■ **What the task asks**:
The reply is a verbatim copy of the listing below with its images dropped.
── Data shown ──
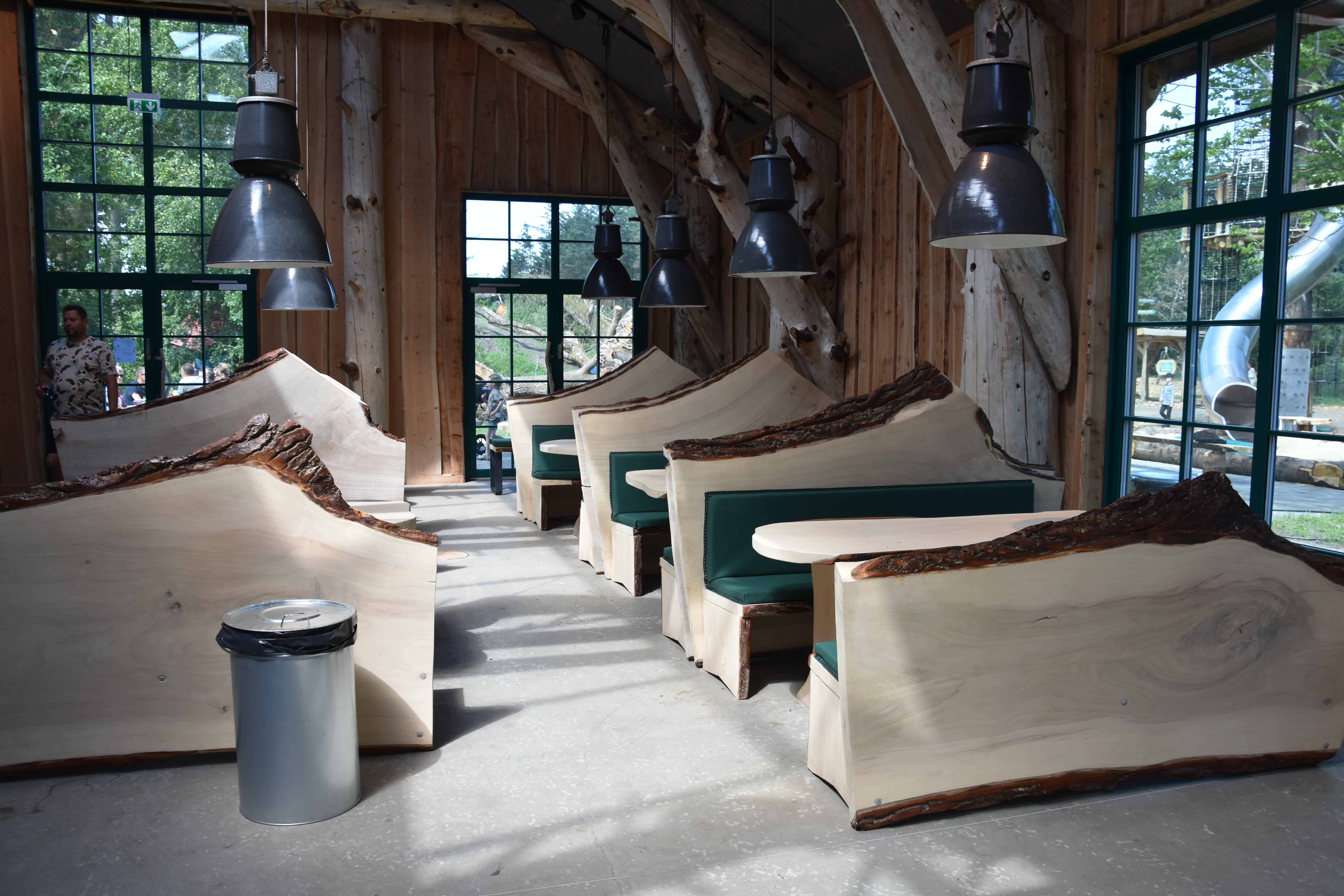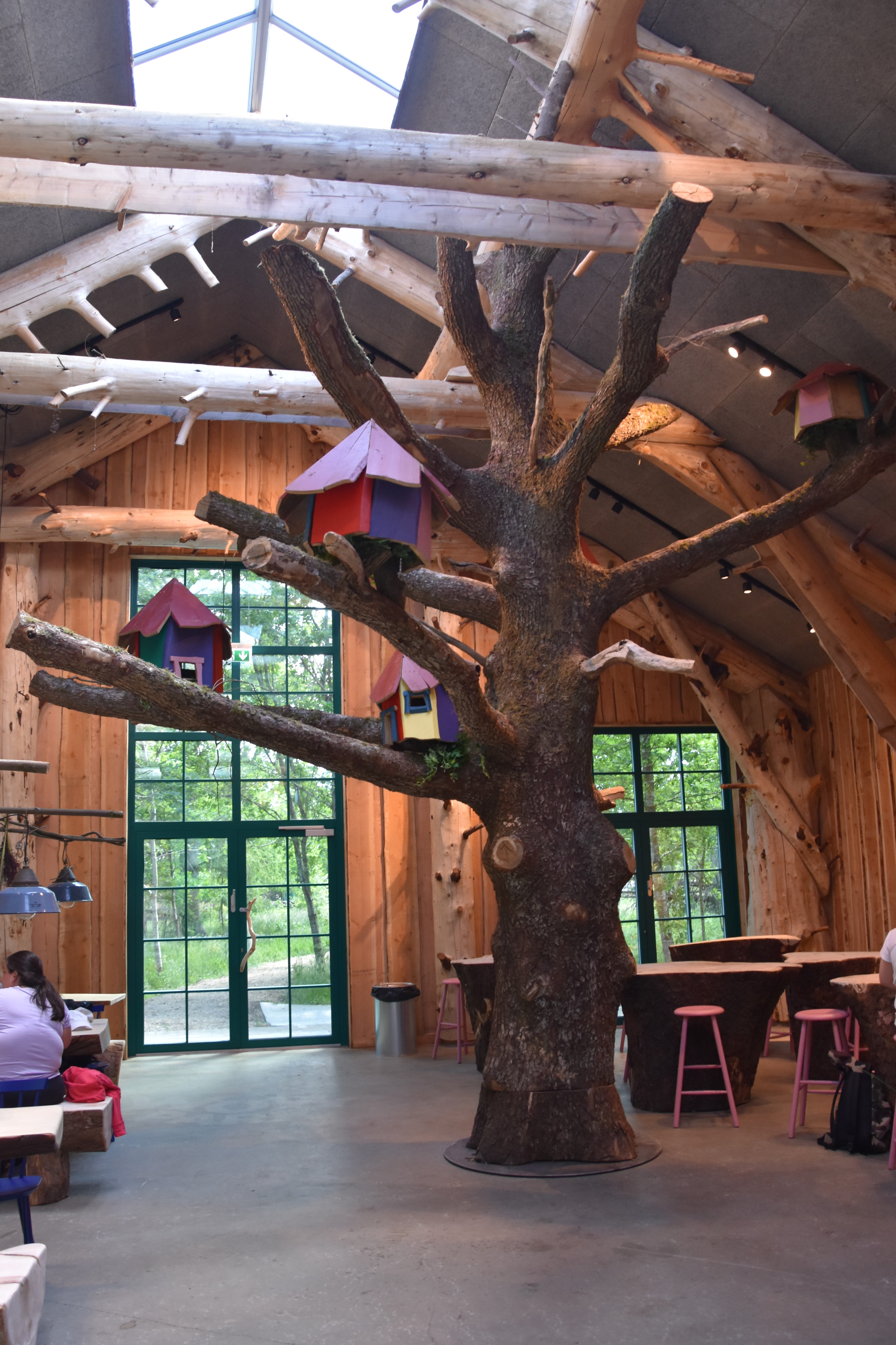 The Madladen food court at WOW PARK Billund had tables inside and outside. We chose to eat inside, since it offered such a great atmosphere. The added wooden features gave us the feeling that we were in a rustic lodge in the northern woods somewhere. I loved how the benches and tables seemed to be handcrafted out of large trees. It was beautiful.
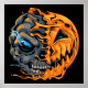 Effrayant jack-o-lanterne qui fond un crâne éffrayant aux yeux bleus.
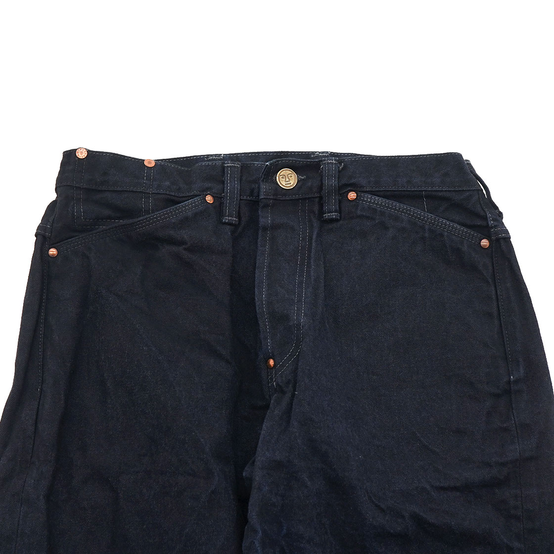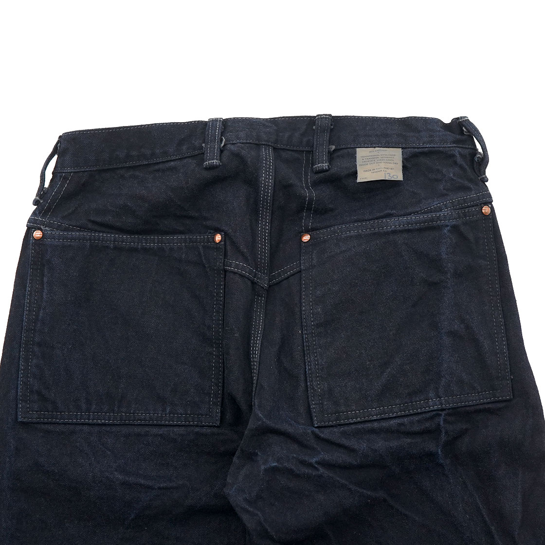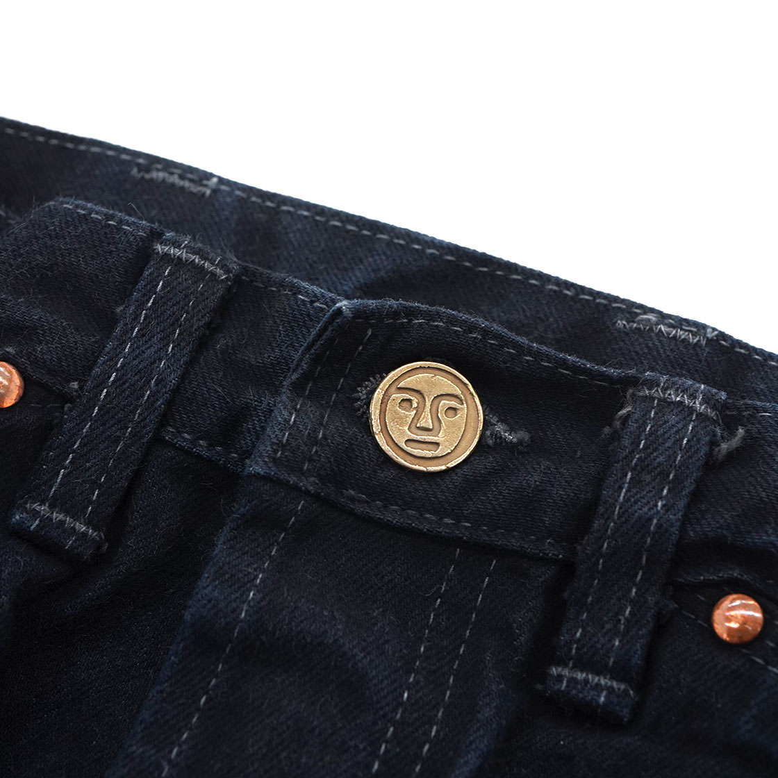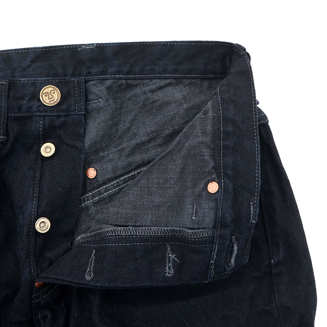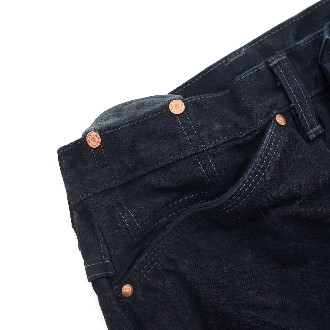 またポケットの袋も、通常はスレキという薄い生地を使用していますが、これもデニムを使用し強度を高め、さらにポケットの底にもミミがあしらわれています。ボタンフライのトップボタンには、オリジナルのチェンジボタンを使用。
───
■ **Answer for this exercise**:
 The Madladen food court at WOW PARK Billund had tables inside and outside. We chose to eat inside, since it offered such a great atmosphere. The added wooden features gave us the feeling that we were in a rustic lodge in the northern woods somewhere. I loved how the benches and tables seemed to be handcrafted out of large trees. It was beautiful.
 Effrayant jack-o-lanterne qui fond un crâne éffrayant aux yeux bleus.
 またポケットの袋も、通常はスレキという薄い生地を使用していますが、これもデニムを使用し強度を高め、さらにポケットの底にもミミがあしらわれています。ボタンフライのトップボタンには、オリジナルのチェンジボタンを使用。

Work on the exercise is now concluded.